Each Named Officer’s stock option award has a normal (and maximum) term of five years, although this term may be shortened if the Named Officer’s employment terminates. Unless exercised, Named Officer’s stock options will generally terminate three months after the date of the Named Officer’s termination of employment. However, the stock option award will terminate six months after the date of the Named Officer’s termination of employment if the termination of employment occurs as a result of the officer’s death or total and permanent disability. The stock option award will terminate seven days after the Named Officer’s termination of employment, if the termination of employment is for reasons constituting cause.
The options granted to the Named Officers do not include any dividend, dividend equivalent or other stockholder rights. Stock option awards are generally only transferable to a beneficiary of a Named Officer upon his death.
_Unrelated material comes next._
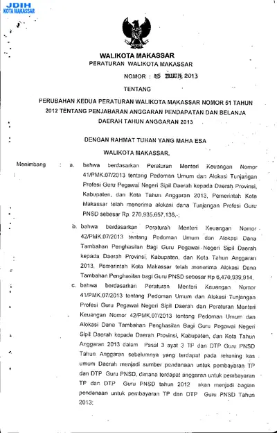 Peraturan Walikota Makassar Nomor 15 Tahun 2013 Tentang Perubahan Kedua Atas Peraturan Walikota Nomor 51 Tahun 2012 Tentang Penjabaran Anggaran .............

The Compensation and Nominating Committee administers the 2001 Plan and has the ability to interpret and make all required determinations under the plan, subject to plan limits. This authority includes making required proportionate adjustments to outstanding options to reflect any impact resulting from various corporate events such as combinations, consolidations, recapitalizations or stock splits.
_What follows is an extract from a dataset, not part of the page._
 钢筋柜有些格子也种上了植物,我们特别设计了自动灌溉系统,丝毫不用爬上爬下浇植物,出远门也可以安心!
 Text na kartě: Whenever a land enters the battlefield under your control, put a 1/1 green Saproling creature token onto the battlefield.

Description of Restricted Shares Awarded to Mr. Walker
Following his resignation as an executive officer in April 2006, Mr. Walker was granted 15,000 shares of restricted stock. The shares of restricted stock are actual shares of Magma’s common stock that are subject to forfeiture prior to becoming vested. As such, Mr. Walker is entitled to the same voting and dividend rights with respect to his restricted shares as our other stockholders. Mr. Walker’s restricted shares vested in substantially equal quarterly installments on each of August 4, 2006, November 4, 2006, February 4, 2007 and April 3, 2007. As a result, all of Mr. Walker’s restricted shares were vested as of immediately after the end of our 2007 fiscal year.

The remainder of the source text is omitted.